Workshop: Data Preparation for Analytics
Course Objectives
“The world’s most valuable resource is no longer oil, but data” – The Economist, May 2017.
Data has the potential to create immense business value, to disrupt existing, and to create new business models. But like oil, data needs refinement to fulfill this potential! The amount of time required to bring the data into shape for machine learning and artificial intelligence algorithms or statistical analysis is often underestimated. Furthermore, introductions to data science typically focus on the methods and algorithms and do not cover the required data preparation appropriately.
This workshop aims at enabling students to go beyond the unrealistically clean datasets provided in data science and machine learning tutorials. Instead, students learn how to handle data as they would face it in real-life business situations, where errors, inconsistencies, incompleteness, duplicates and many more problems are commonplace. They learn how to combine data from different sources and how to efficiently perform computations, aggregations, and other typical data preparation steps. Finally, students are introduced to special data preprocessing steps required for machine learning.
Having completed this course will give students an edge in the labor market where most newcomers have little experience with real-life datasets – especially those aiming for a career in consulting or other areas related to data science and artificial intelligence.

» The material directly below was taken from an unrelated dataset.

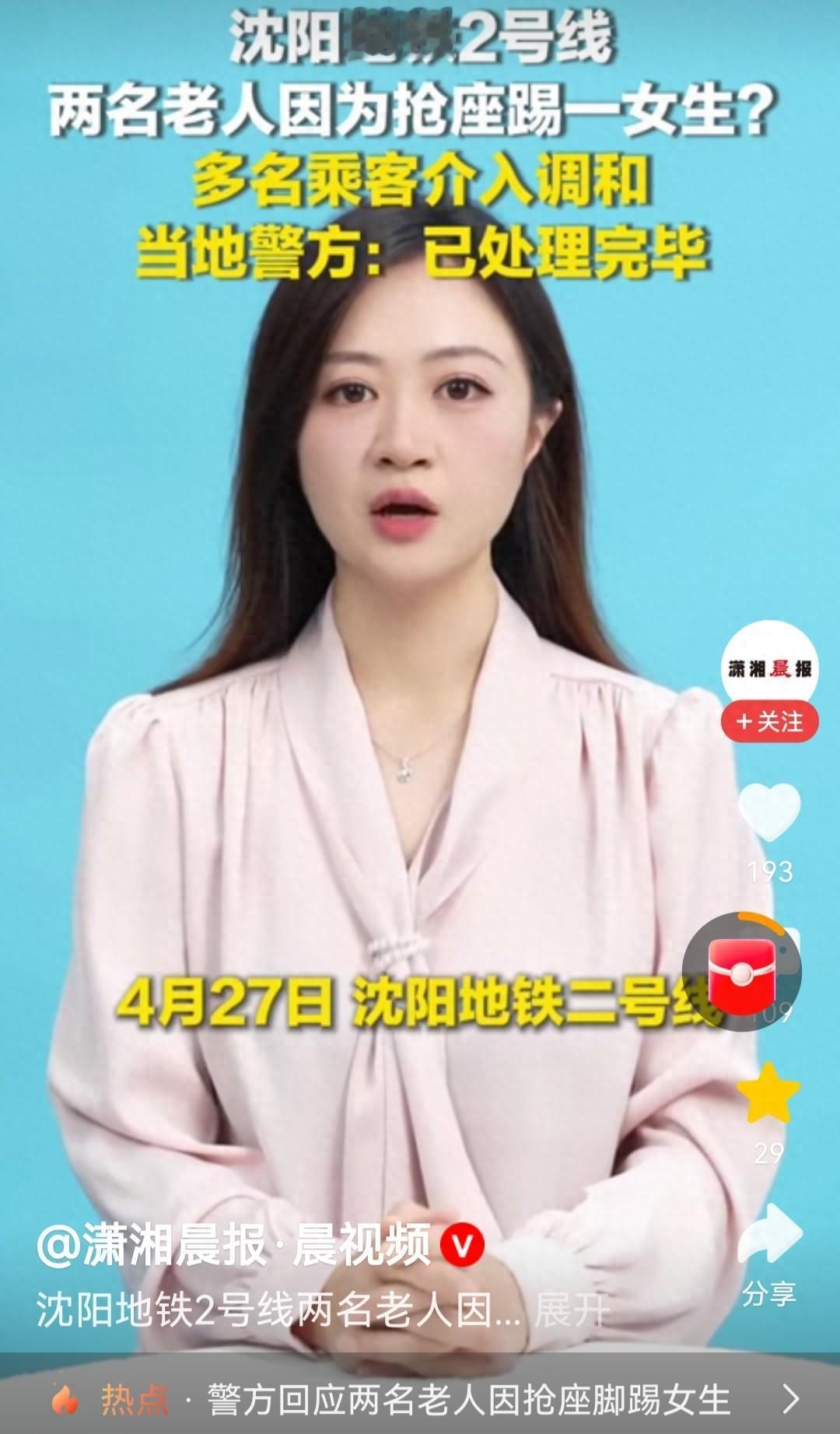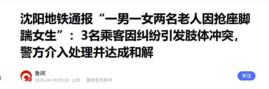 信源:鲁网 —— 沈阳地铁通报“一男一女两名老人因抢座脚踹女生”:3名乘客因纠纷引发肢体冲突,警方介入处理并达成和解

This course is also an ideal complement for students taking the courses “Managing Data Science” and “Visual Data Analysis”.
Course Contents
The course covers the typical data preparation techniques required for analytics:
- Loading and joining data from different types of data sources
- Data types and conversions
- Filtering
- Computations
- Aggregations
- Pivoting / reshaping
- Handling inconsistencies and errors in the data
- Time series operations
- Special preprocessing operations for machine learning
We may emphasize or skip topics based on questions or suggestions during the workshop and based on the pace of the group.
Date | Time |
---|---|
Thursday, 11.01.2024 | 09:45 - 17:00 |
Friday, 02.02.2024 | 09:45 - 17:00 |
Thursday, 08.02.2024 | 09:45 - 17:00 |